WORK REQUEST >> Transcribe, exactly and in full, every record shown below, while omitting its images.

Records excerpted from a collection:
────────────────────
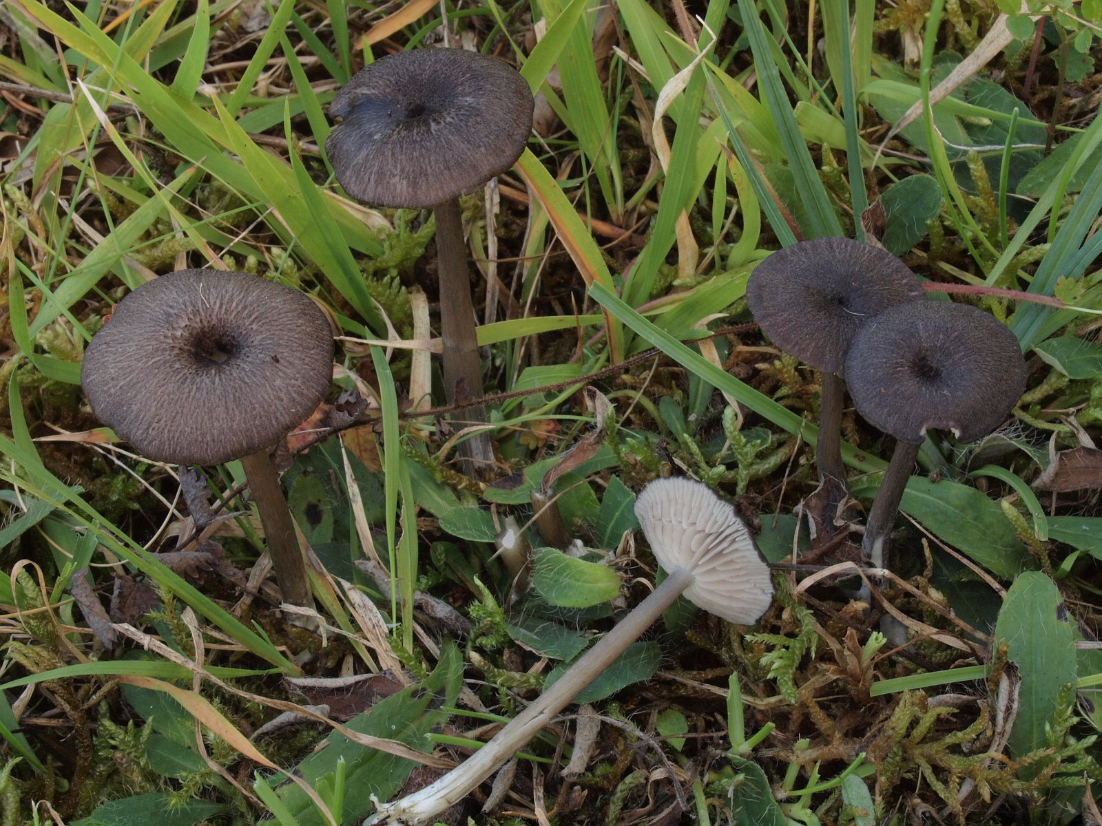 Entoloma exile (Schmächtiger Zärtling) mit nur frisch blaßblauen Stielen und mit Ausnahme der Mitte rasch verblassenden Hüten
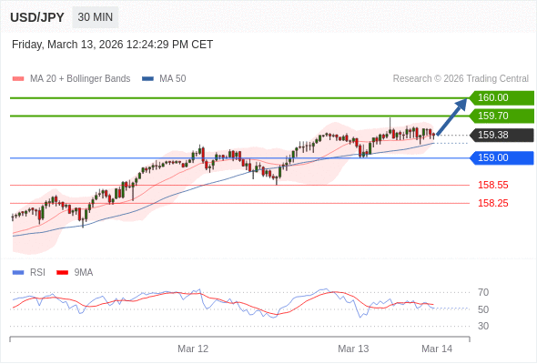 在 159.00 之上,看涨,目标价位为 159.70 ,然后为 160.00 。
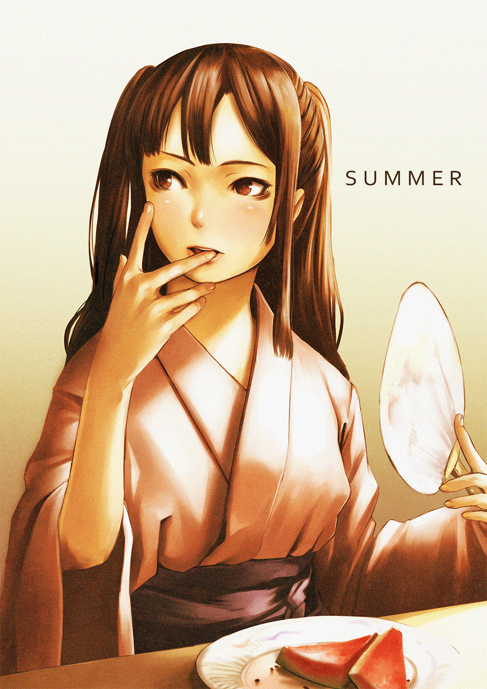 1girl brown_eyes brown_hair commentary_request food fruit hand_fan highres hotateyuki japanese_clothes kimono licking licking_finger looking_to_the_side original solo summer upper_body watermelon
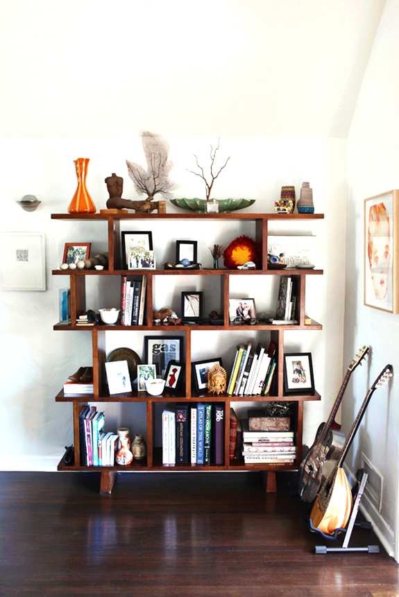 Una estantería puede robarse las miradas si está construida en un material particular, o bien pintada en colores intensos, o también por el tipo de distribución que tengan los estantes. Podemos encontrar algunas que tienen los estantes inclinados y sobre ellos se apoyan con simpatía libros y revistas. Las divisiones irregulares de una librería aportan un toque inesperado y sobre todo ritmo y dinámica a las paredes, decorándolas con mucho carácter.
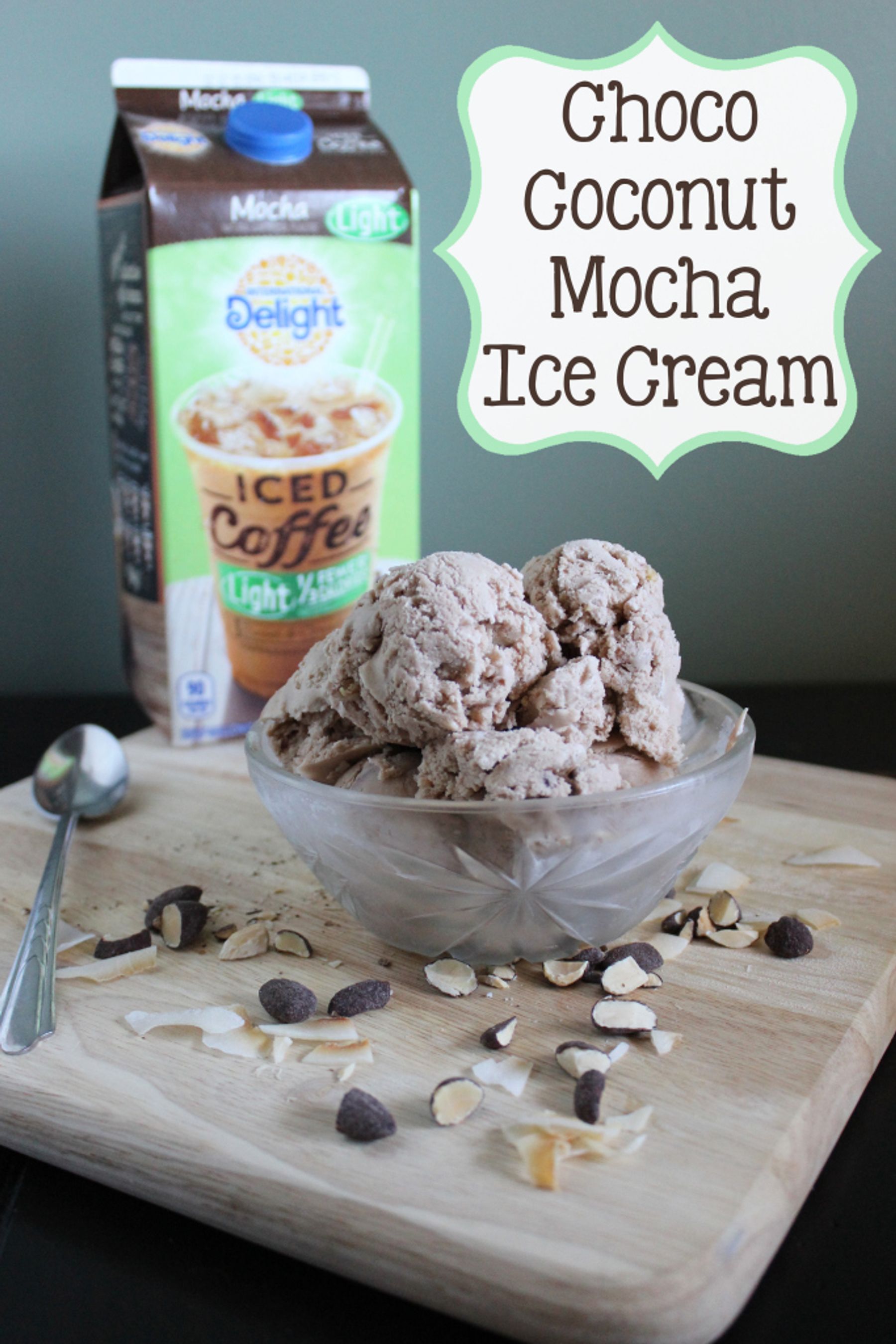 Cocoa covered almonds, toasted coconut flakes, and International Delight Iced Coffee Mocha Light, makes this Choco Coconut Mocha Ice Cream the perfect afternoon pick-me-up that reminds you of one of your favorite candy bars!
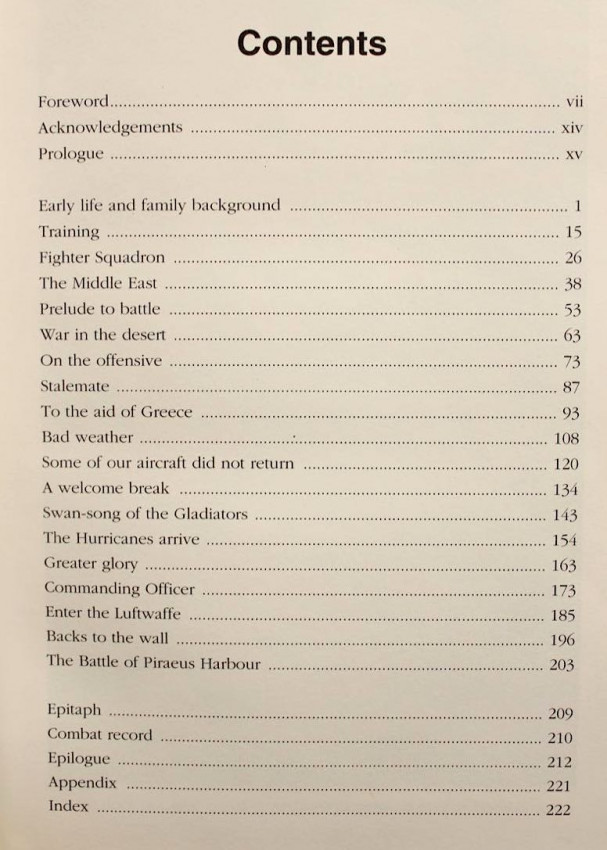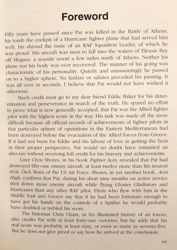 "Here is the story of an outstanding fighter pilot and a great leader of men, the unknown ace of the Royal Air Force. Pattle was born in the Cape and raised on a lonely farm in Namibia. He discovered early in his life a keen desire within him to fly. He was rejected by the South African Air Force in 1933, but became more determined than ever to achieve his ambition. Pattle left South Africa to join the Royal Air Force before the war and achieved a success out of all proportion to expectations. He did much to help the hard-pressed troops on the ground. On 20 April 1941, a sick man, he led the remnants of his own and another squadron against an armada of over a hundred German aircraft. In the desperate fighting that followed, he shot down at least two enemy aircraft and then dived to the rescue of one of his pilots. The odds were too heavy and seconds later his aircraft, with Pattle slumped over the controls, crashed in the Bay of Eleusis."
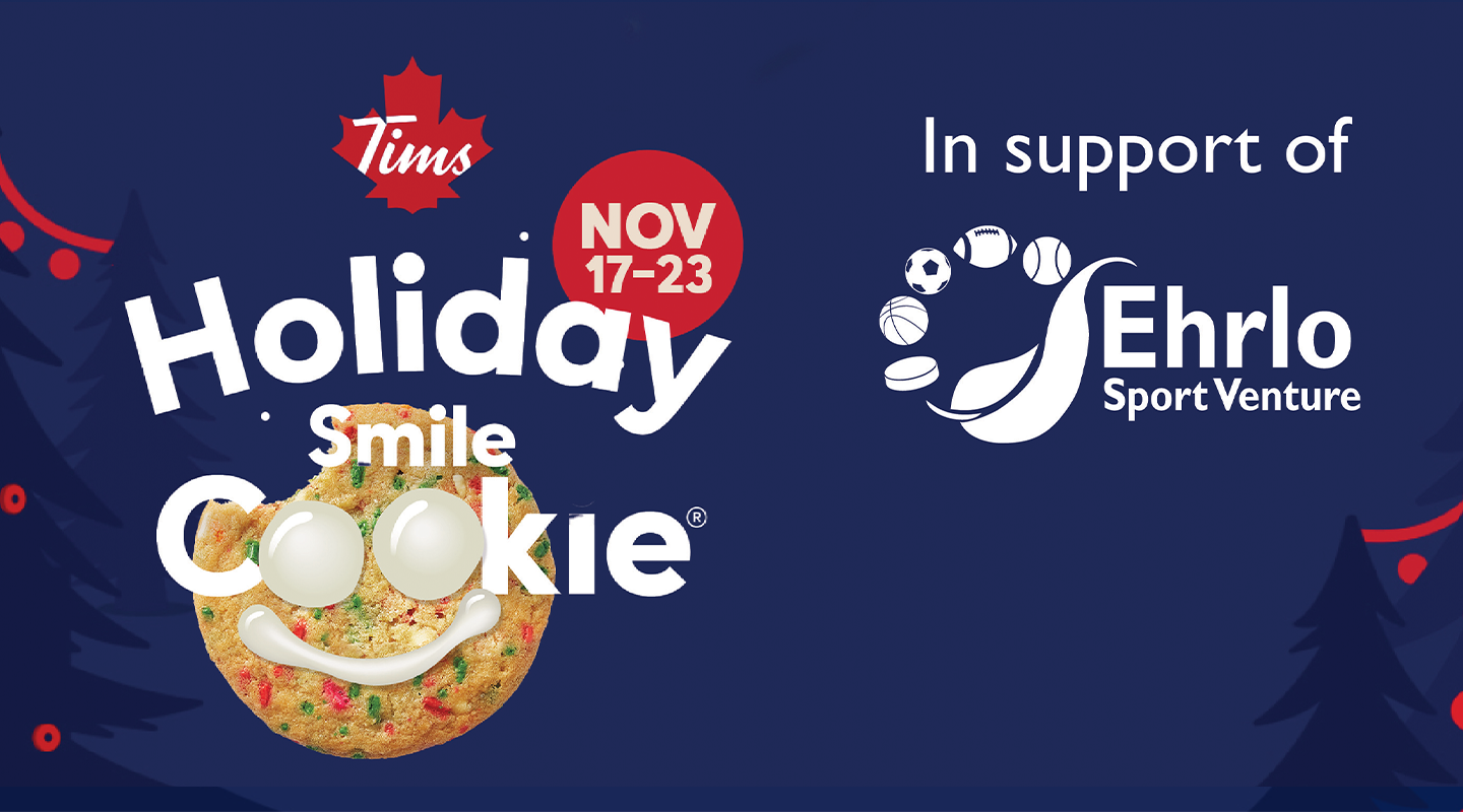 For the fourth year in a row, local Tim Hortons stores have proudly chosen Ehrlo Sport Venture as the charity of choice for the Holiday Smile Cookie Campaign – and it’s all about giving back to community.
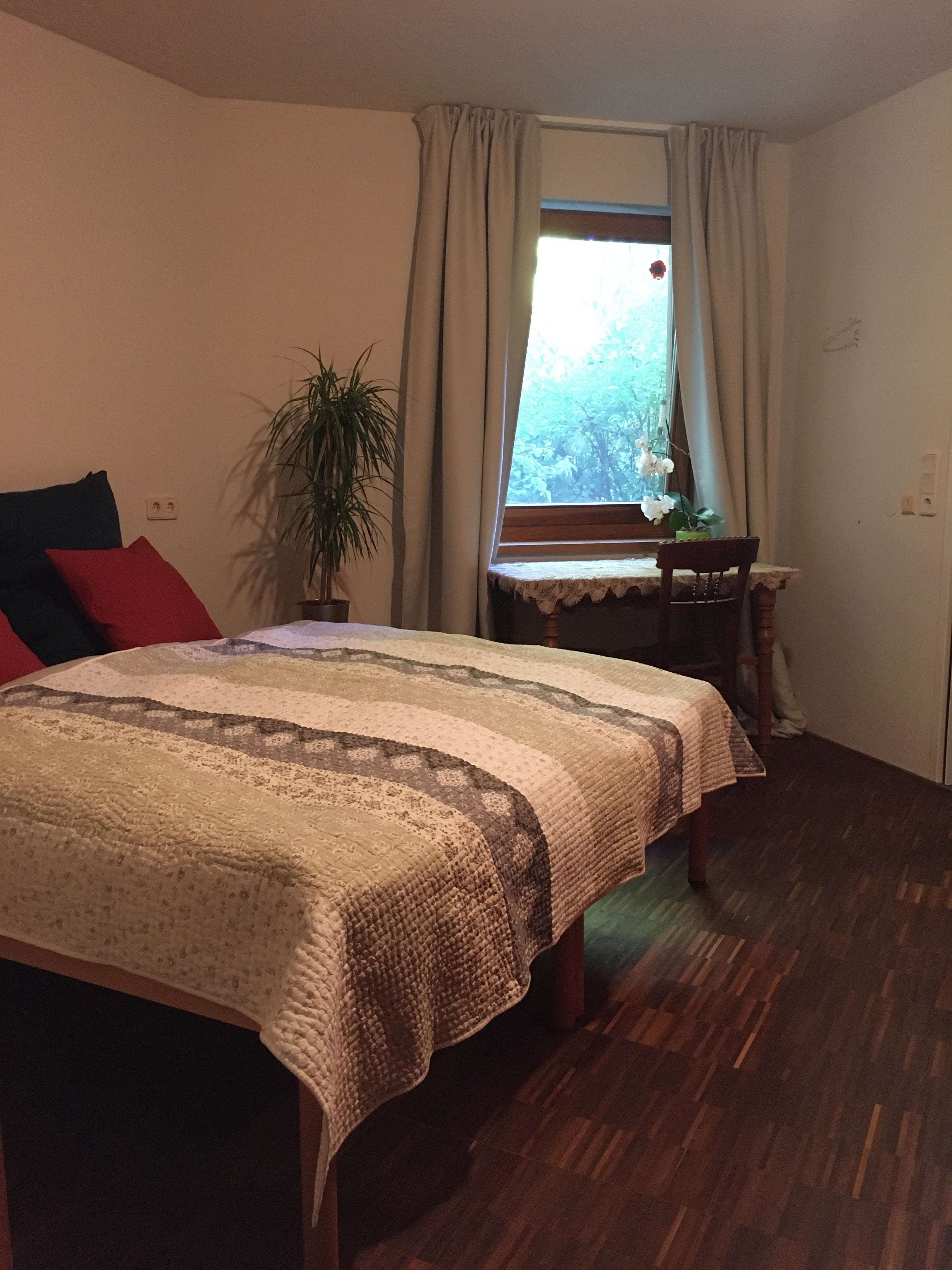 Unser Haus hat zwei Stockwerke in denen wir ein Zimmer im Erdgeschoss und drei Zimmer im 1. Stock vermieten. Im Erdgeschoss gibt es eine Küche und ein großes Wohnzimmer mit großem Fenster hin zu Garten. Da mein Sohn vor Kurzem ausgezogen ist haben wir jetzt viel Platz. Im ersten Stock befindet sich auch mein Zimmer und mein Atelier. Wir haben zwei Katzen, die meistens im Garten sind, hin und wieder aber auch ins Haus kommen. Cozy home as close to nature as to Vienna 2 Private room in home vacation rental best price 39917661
────────────────────
OUTPUT FOR THIS TASK >>
 Entoloma exile (Schmächtiger Zärtling) mit nur frisch blaßblauen Stielen und mit Ausnahme der Mitte rasch verblassenden Hüten
 在 159.00 之上,看涨,目标价位为 159.70 ,然后为 160.00 。
 1girl brown_eyes brown_hair commentary_request food fruit hand_fan highres hotateyuki japanese_clothes kimono licking licking_finger looking_to_the_side original solo summer upper_body watermelon
 Una estantería puede robarse las miradas si está construida en un material particular, o bien pintada en colores intensos, o también por el tipo de distribución que tengan los estantes. Podemos encontrar algunas que tienen los estantes inclinados y sobre ellos se apoyan con simpatía libros y revistas. Las divisiones irregulares de una librería aportan un toque inesperado y sobre todo ritmo y dinámica a las paredes, decorándolas con mucho carácter.
 Cocoa covered almonds, toasted coconut flakes, and International Delight Iced Coffee Mocha Light, makes this Choco Coconut Mocha Ice Cream the perfect afternoon pick-me-up that reminds you of one of your favorite candy bars!
 "Here is the story of an outstanding fighter pilot and a great leader of men, the unknown ace of the Royal Air Force. Pattle was born in the Cape and raised on a lonely farm in Namibia. He discovered early in his life a keen desire within him to fly. He was rejected by the South African Air Force in 1933, but became more determined than ever to achieve his ambition. Pattle left South Africa to join the Royal Air Force before the war and achieved a success out of all proportion to expectations. He did much to help the hard-pressed troops on the ground. On 20 April 1941, a sick man, he led the remnants of his own and another squadron against an armada of over a hundred German aircraft. In the desperate fighting that followed, he shot down at least two enemy aircraft and then dived to the rescue of one of his pilots. The odds were too heavy and seconds later his aircraft, with Pattle slumped over the controls, crashed in the Bay of Eleusis."
 For the fourth year in a row, local Tim Hortons stores have proudly chosen Ehrlo Sport Venture as the charity of choice for the Holiday Smile Cookie Campaign – and it’s all about giving back to community.
 Unser Haus hat zwei Stockwerke in denen wir ein Zimmer im Erdgeschoss und drei Zimmer im 1. Stock vermieten. Im Erdgeschoss gibt es eine Küche und ein großes Wohnzimmer mit großem Fenster hin zu Garten. Da mein Sohn vor Kurzem ausgezogen ist haben wir jetzt viel Platz. Im ersten Stock befindet sich auch mein Zimmer und mein Atelier. Wir haben zwei Katzen, die meistens im Garten sind, hin und wieder aber auch ins Haus kommen. Cozy home as close to nature as to Vienna 2 Private room in home vacation rental best price 39917661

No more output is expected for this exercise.